When I was in grade 4 I thought it would be so amazing to have braces. I longed for the secret identity I thought glasses would provide. I yearned for a unique trait that would separate me from the norm. I wanted a conversation starter, a hook, a gimmick. A limp, lisp or dark secret past. Heck, even my daily bruises developed elaborate stories. I’d detail the fictional fun to make myself seem more interesting than (I thought) I was. I have always wanted to be just left of the middle…well, honestly, deep left field. I’ve always wanted to be different.

I grew up a middle class girl in the middle of Ontario during the mid-90’s.
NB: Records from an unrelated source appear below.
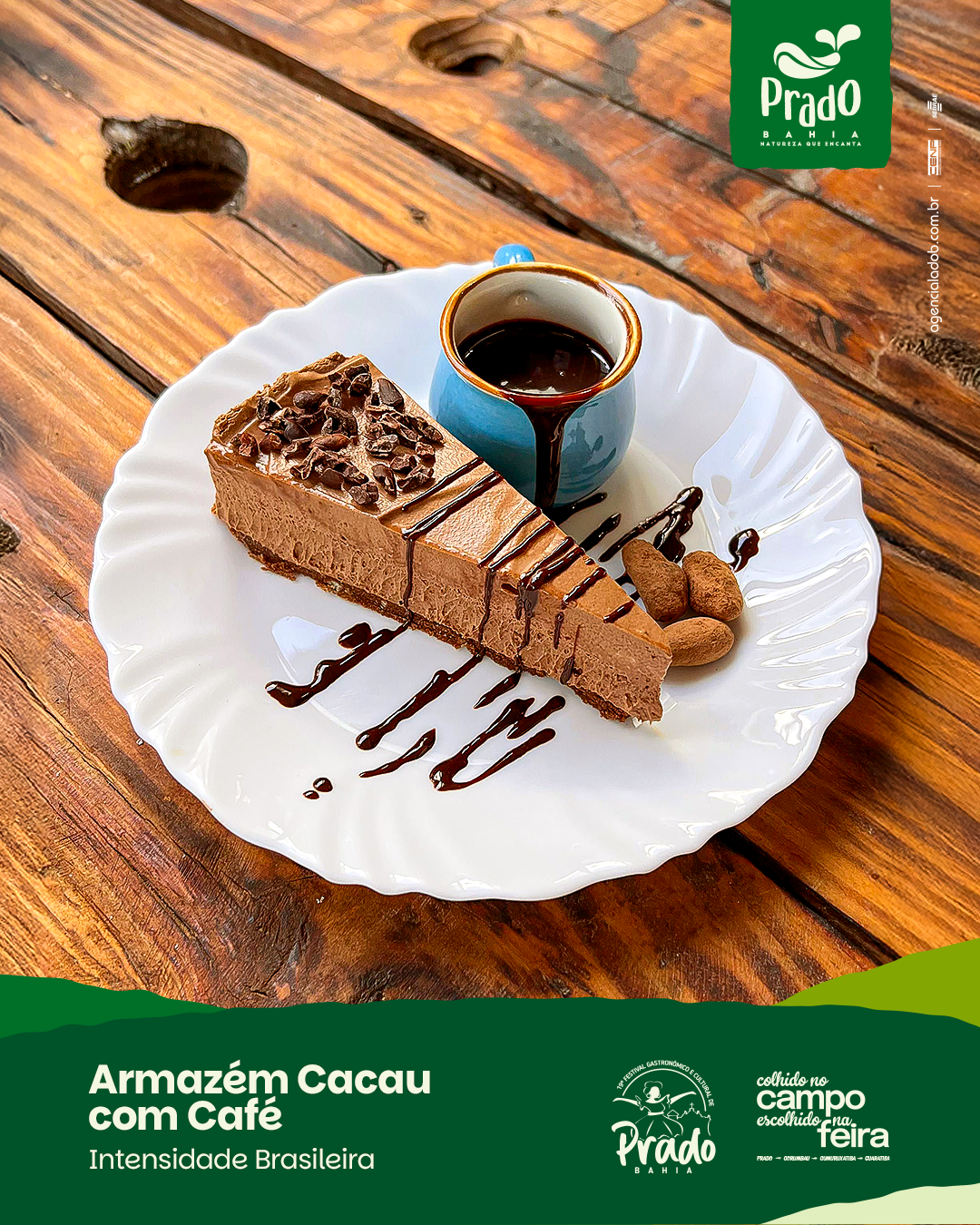 Torta mousse de chocolate aveludado, ganache intensa de café e nibs de cacau crocante. Uma sobremesa que traduz os sabores do campo baiano e a tradição da feira, com a delicadeza de uma criação da Dalú Confeitaria.
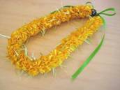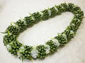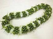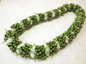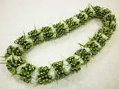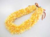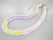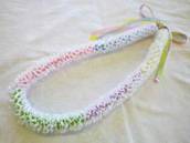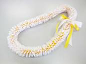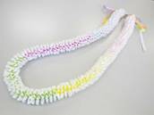 NO.2380 製作者:Ritsuko.Kさん レイ:「ソング・オブ・インディア」 コメント:リボンのカットが多く仕上がるか心配でしたが、ボリュームもあり、白い花がとてもかわいいレイができました。 |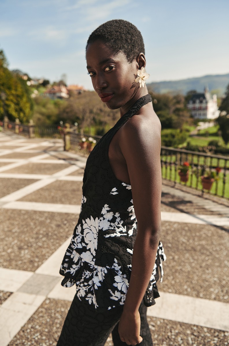 Espectacular top largo confeccionado en un tejido troquelado negro de excelente calidad con lentejuelas bordas blancas en forma de flor. (...)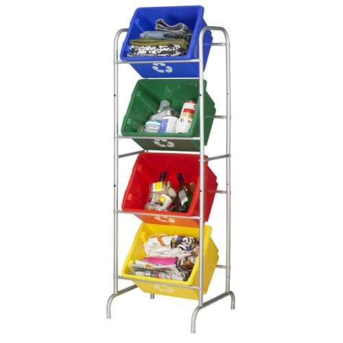 The recycling rack comes with 4 x colour coded 32-litre recycling storage boxes, one for glass, one for metal, plastics and paper etc.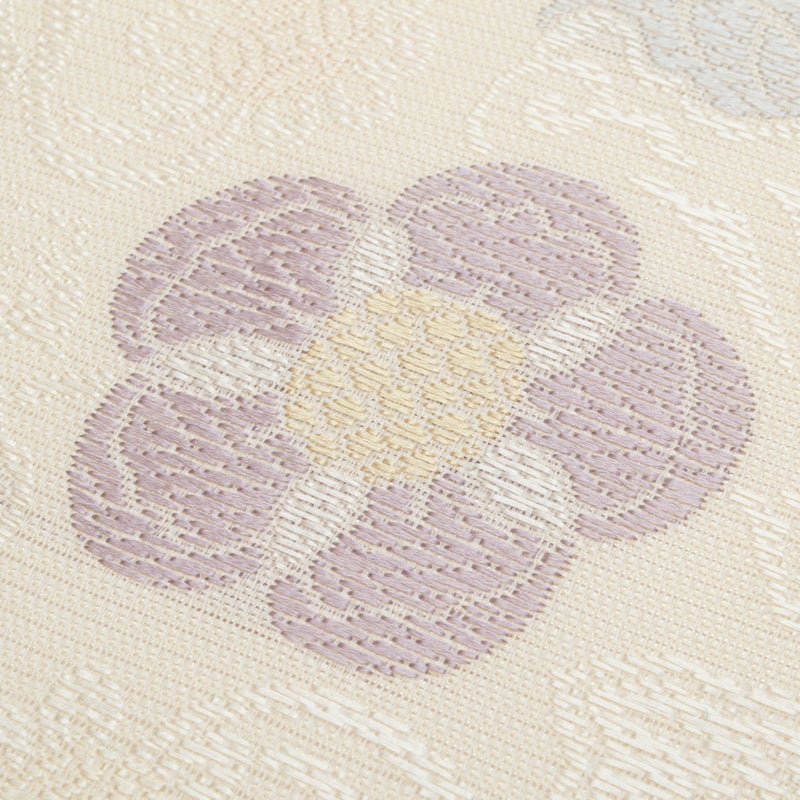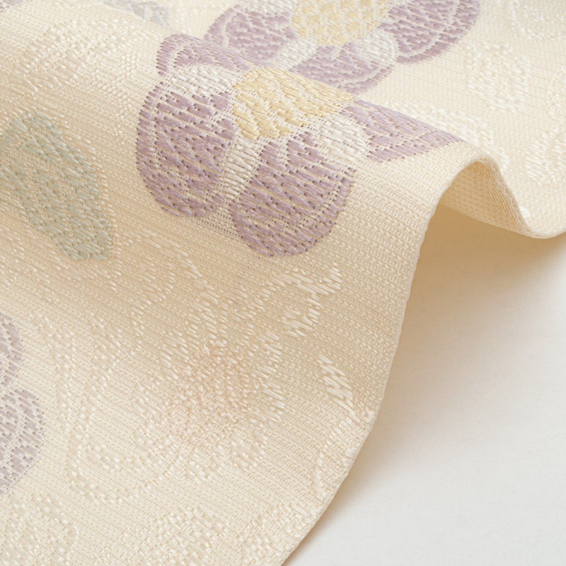 唐織ならではのふっくらとした織りに、藤色や淡緑などのペールトーンがやさしく重なり、軽やかで涼やかな印象に仕上がっています。

That’s all smack bang in the middle. And the middle is very different from the centre of attention. I was born in the 80’s but my serious memories were made in the midst of Smashed Pumpkins and grunge-y Shangri-la. But as far as I could tell I was just one more of the faceless masses with pre-teenage spirit. I found myself jockeying for position within systems that didn’t celebrate our differences. Sadly, most systems are finite, not interpretative. Systems are by nature are, well, systematic. Empathy, consideration and individuality isn’t part of the equation. I looked throughout middle school, but I couldn’t find my defining feature, no matter how elaborate my exterior got. I was just another little girl in a school of little girls. And, I wasn’t happy with that to say the least.
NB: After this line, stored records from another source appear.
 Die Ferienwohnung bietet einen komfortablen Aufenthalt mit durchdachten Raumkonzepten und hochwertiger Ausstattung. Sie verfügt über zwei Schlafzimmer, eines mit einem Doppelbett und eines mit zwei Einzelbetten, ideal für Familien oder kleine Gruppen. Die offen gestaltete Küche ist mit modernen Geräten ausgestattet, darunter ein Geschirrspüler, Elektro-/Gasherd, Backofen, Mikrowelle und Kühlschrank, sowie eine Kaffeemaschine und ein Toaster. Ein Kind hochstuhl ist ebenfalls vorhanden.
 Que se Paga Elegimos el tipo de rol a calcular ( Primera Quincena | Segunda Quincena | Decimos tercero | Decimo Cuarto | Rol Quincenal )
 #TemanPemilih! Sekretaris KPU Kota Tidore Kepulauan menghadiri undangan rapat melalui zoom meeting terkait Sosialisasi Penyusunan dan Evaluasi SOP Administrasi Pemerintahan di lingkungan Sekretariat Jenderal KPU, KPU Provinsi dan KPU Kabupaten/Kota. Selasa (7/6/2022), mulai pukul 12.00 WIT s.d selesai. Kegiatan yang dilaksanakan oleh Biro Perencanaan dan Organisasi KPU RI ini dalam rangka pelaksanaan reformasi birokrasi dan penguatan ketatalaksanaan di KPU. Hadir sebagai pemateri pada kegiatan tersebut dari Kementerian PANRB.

I am not sure if I was born wanting to be different or if I grew into it, but I’ve never liked the status quo. When my wish for braces came true at 16, it only stopped me from smiling. When I wear sunglasses to protect my sensitive eyes, I lose them and can’t imagine the cost, were they prescriptions. I still suffer from exaggerated bumps and bruises, though I allow their cause to remain mundane and preventable. As for the lisp I lusted after…I’ll admit that sometimes I spit when I talk. But all these minor first world problems don’t define who I am and the sad thing is: I didn’t realize that I’ve been unique this whole time. The mere act of wanting to be different makes me so. I am not interchangeable in a row of blondes. I stand out naturally…er at least my fake peg leg limps out.